Homo sum (Ведь я человек) — страница 36 из 45

Он ни на одно мгновение не раскаивался в своем поступке, и мысль, что падение на жесткий камень святой горы несравненно опаснее, чем падение на песок арены, совсем не приходила ему в голову.

Такую острастку, думал он, тот нахал заслужил вполне. И разве он, Павел, который спас Сироне жизнь и взял на себя обязанность защищать ее, не имел на нее больше прав?

Красота галлиянки произвела на него впечатление при первой же встрече; но ни одной нечистой мысли не пробуждалось в нем, когда он любовался ею и с умилением прислушивался к ее детским словам. И только уже пламенное излияние Поликарпа запало ему в душу, как искры, которые быстро разожгли его ревность и опасение уступить Сирону другому в неукротимое пламя.

Анахорет не хотел отдать эту женщину никому, он хотел и впредь заботиться о ней, чтобы она была всем обязана ему и только ему одному! Поэтому, не медля ни минуты, отдался он телом и душой приготовлениям к ее бегству.

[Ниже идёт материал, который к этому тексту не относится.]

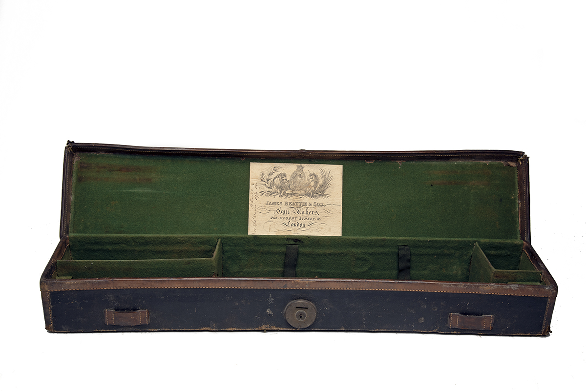 A JAMES BEATTIE & SON CANVAS AND LEATHER SINGLE GUNCASE, fitTed for 30in. barrels, the interior lined with green baize, a paper James Beattie & Son trade label, brass lock (damaged & key missing)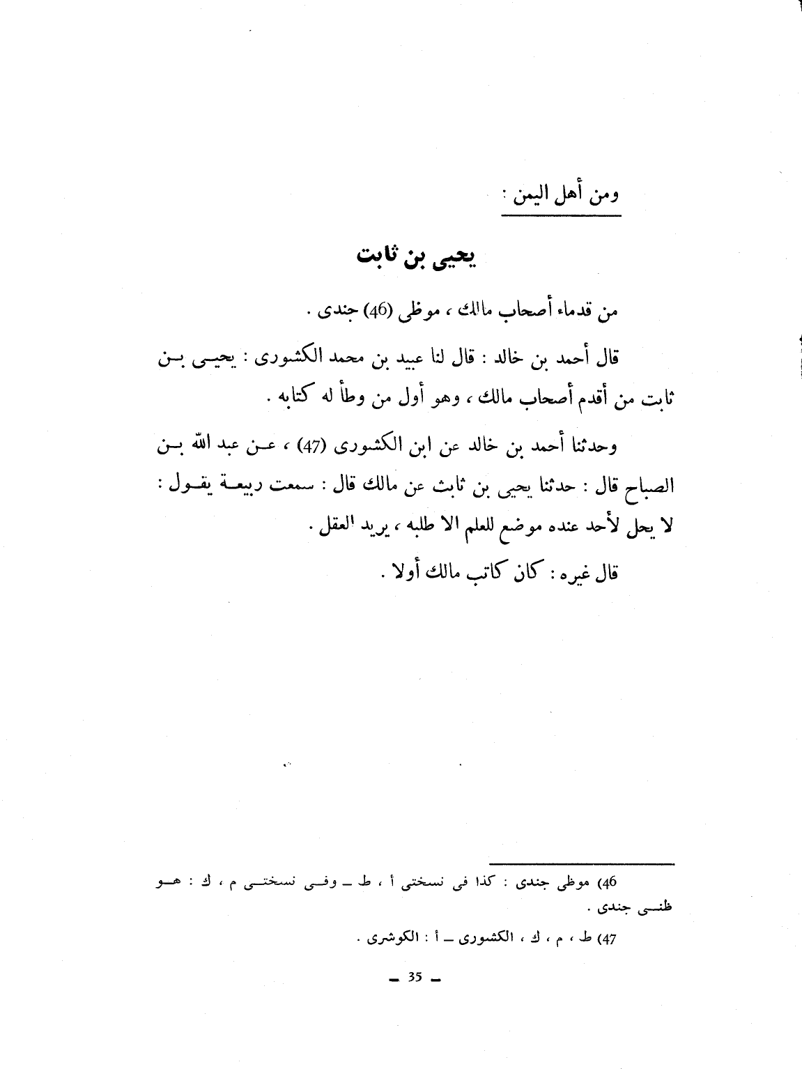 من قدماء أصحاب مالك هو ظيني جندي. قال أحمد بن خالد: قال لنا عبيد بن محمد الكشوري: يحيى بن ثابت من اقدم أصحاب مالك. وهو أول من وطأ له كتبه. وحدثنا أحمد بن خالد عن ابن الكشوري عن عبد الله بن الصباح، قال: حدثنا يحيى بن ثابت عن مالك، قال: سمعت ربيعة يقول لا يحل لأحد عنده موضع العلم إلا طلبه يريد العقل هكذا قال غيره: كان كاتب مالك أولاً.
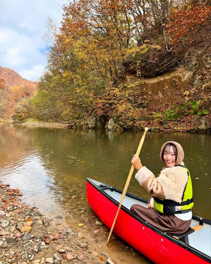 また川沿いでは、救命胴衣を着用し、赤いカヌーに乗るアクティブな姿を公開。長いパドルを手に持ち、嬉しそうに笑う姿も。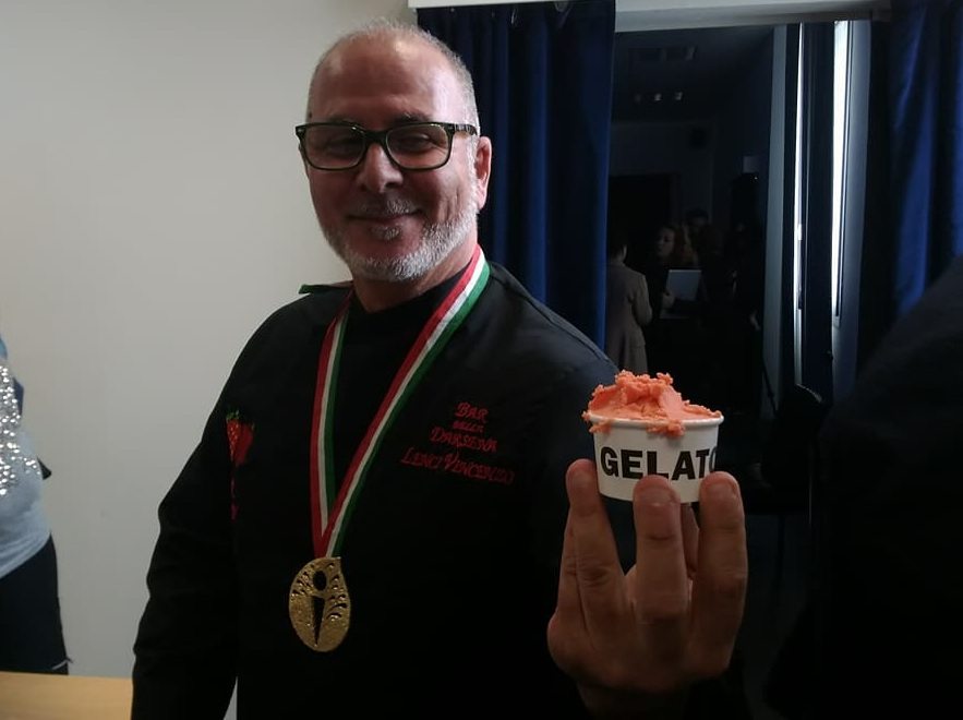 Il gelatiere Vincenzo Lenci con il gelato dal gusto stravagante “peperone rosso e fragole”

Духота грозового воздуха, гром и молния, ливень и ночной мрак нисколько не помешали ему, и пока он, измокнув, утомившись, подвергаясь опасности, прыгал и пробирался ощупью по скалам, он думал только об одном, как бы вернее всего отвезти ее в Александрию и там доставить ей все, что только может нравиться женщине.

Ничего, ровно ничего не требовал он для себя, и все, что он придумывал и соображал, все относилось исключительно к тому, что можно предоставить ей.

Когда он устроил и зажег для нее лампадку, он подошел к ней поближе, и даже как будто бы испугался, увидя красоту ее лица, освещенного трепетным светом огонька.

Вслед за тем она скрылась, и он остался один среди ночного мрака и под дождем.

Не находя покоя, бродил он взад и вперед, и томительная тоска и желание еще раз увидеть ее лицо, освещенное лампадкой, и ее белую руку, протянувшуюся за ночником, начало все сильнее и сильнее овладевать им и все более и более ускорять биение его сердца.

И каждый раз, когда Павел проходил мимо пещеры и замечал свет, в нем пробуждалось неодолимое влечение подкрасться к ней и взглянуть на нее еще раз.

О молитве и бичевании, своих старых средствах против греховных мыслей, он уже не думал; но зато упорно подыскивал причину, которая могла бы извинить его перед самим собою, если бы он решился к ней войти.

И вот александриец вспомнил, что в пещере лежит овечья шкура, а ночь ведь холодна. Несмотря на свой обет не носить более шубы, он решился зайти за этим одеянием, и если он при этом увидит и ее, что же за беда?

Когда Павел вошел в проход, тайный голос увещевал его вернуться и этот же голос говорил ему, что он сбился с истинного пути и крадется как вор; но тотчас же последовал и извинительный ответ: «Это для того, чтобы не разбудить ее; ведь она же спит».

И после этого смолкло всякое дальнейшее сомнение, ибо он дошел уже до того места, где у конца прохода открывалась та часть пещеры, в которой спала Сирона.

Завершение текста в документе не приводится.